AUSTIN, Texas (CN) — A woman convicted in 2005 of murdering a toddler was exonerated Monday after a Texas prosecutor moved to dismiss her indictment.
Rosa Olvera Jimenez, 41, spent 18 years behind bars after a Travis County jury found her guilty of murder and injury to a child and sentenced her to 99 years in prison. She was released on bond in 2021 after new testimony by doctors pointed to her wrongful conviction.
Jimenez, then 20 years old, was babysitting 21-month-old Bryan Gutierrez in her Austin apartment on Jan. 30, 2003, when he swallowed a wad of paper towels.
After she found him choking Jimenez tried to remove the blockage. Unable to do so, she carried him to a neighbor’s apartment and asked them to call 911.
Paramedics pulled the paper from the boy’s throat with forceps and rushed him to the hospital. But he had suffered brain damage from lack of oxygen, so doctors could do nothing to save him. The child remained unresponsive and died three months later when his mother took him off life support.
Child Protective Services removed Jimenez’s 1-year-old daughter from her custody after she was arrested for the toddler’s death.
Jimenez was also pregnant at the time; she gave birth to a son while incarcerated. She has now reunited with her daughter and son and recently got married.
Travis County District Attorney José Garza, a Democrat and former public defender, formally cleared Jimenez of wrongdoing Monday. At the hearing in Austin, District Judge Karen Sage granted Garza’s motion to dismiss the charges.
Jimenez and her defense attorney, Vanessa Potkin of the Innocence Project, held a press conference after the hearing, which was livestreamed from the Benjamin N. Cardozo School of Law in New York City, also the home of the Innocence Project.
Jimenez revealed she has a new member of her family: In addition to her long-awaited exoneration, Jimenez became a grandmother on Monday. Her daughter gave birth to her first child.
“My grandbaby just arrived like five minutes ago,” Jimenez said.
“I’m excited for this new life,” she added. “I believe everything is possible. I’m here, so everything is possible.”
Despite prevailing in her criminal case, Jimenez is dealing with a life-threatening challenge: She has end-stage kidney disease for which she receives dialysis three times a week.
With help from the Innocence Project, Jimenez found a place to stay in New York City and is receiving treatment at the Weill Cornell Medical Center in preparation for a transplant. But first she must find a kidney donor. The hospital has set up a website for Jimenez to screen potential kidney donors.
Jimenez also has the backing of San Antonio Spurs head coach Gregg Popovich. According to Jimenez’s attorneys, Popovich said he would pay for her transplant before Jimenez learned her wife’s insurer will cover the procedure.
During her trial, the state called two doctors to the stand who treated Gutierrez before he died. They testified it was impossible for the toddler to have accidentally choked on the paper towels because his gag reflex would have prevented them from lodging in his throat.
But Jimenez’s lawyers hired four doctors who specialize in children’s airways to review the evidence, and they determined Gutierrez’s death was likely an accident.
The doctors found it “would be exceedingly difficult even with additional adults restraining the child” to insert a wad of paper towels, and that Gutierrez “could have readily inserted the paper towels in his mouth, either as a string or wad,” in a consensus statement they issued in 2020.

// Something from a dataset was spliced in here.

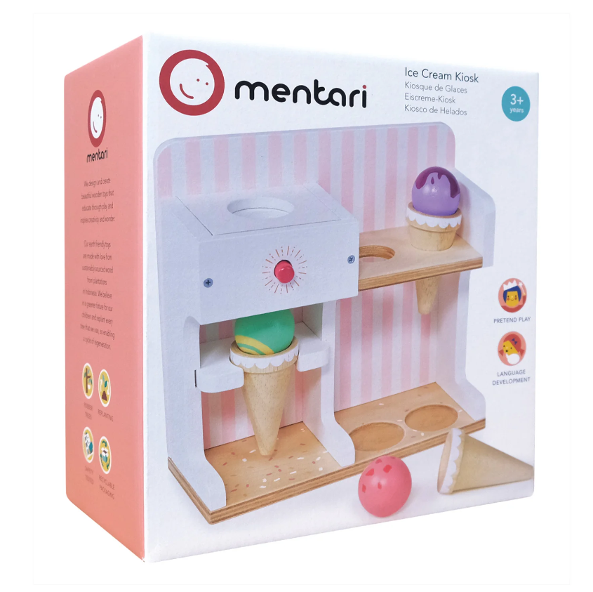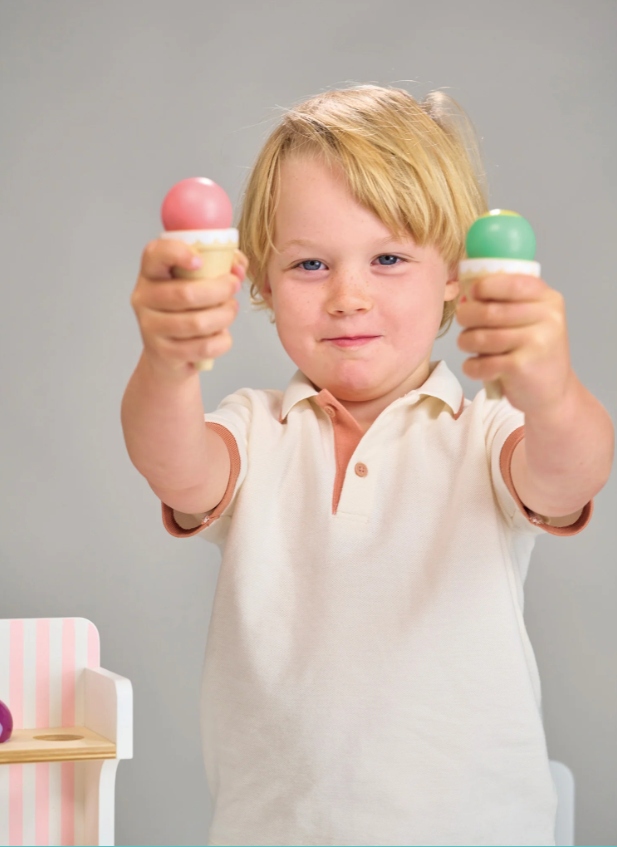 Transform playtime into a delightful ice cream adventure with this charming kiosk! Choose from three wooden cones and three colourful ice cream scoops to create your perfect pretend treat. Press the magical red button and watch as your scoop tumbles down onto the cone - pure magic every time! Ideal for sparking imaginative play, encouraging language development, and hours of creative fun. Perfect for little ones aged 3 and up who love role-play games and hands-on exploration.

Based on the four doctors’ opinions, Sage granted Jimenez’s habeas petition and ordered her released on bond in January 2021.
Sage, whose bond decision was supported by the Travis County DA’s Office, determined Jimenez’s due process rights were violated because prosecutors had presented false and misleading testimony during her trial, and she was likely innocent of the crimes for which she was convicted.
District Attorney Garza said in a statement Monday the criminal justice system had failed both Jimenez and the Gutierrez family, and he hopes exposing the truth can bring them some sense of closure and peace.
“As prosecutors, we have an obligation to ensure the integrity of convictions and to seek justice. In the case against Rosa Jimenez, it is clear that false medical testimony was used to obtain her conviction, and without that testimony under the law, she would not have been convicted,” Garza said.
Potkin, one of Jimenez’s attorneys, noted Jimenez is one of many women in the U.S. who have been falsely accused of hurting people they were looking after.
“Rosa’s situation is not uncommon particularly among women who are wrongfully convicted,” Potkin said at the press conference.
She continued: “According to the National Registry of Exonerations, 40% of female exonerees were wrongly convicted of harming children or other loved ones who are in their care. And like Rosa, nearly three-fourths of women who are exonerated were convicted of crimes that never even happened, often times involving children.”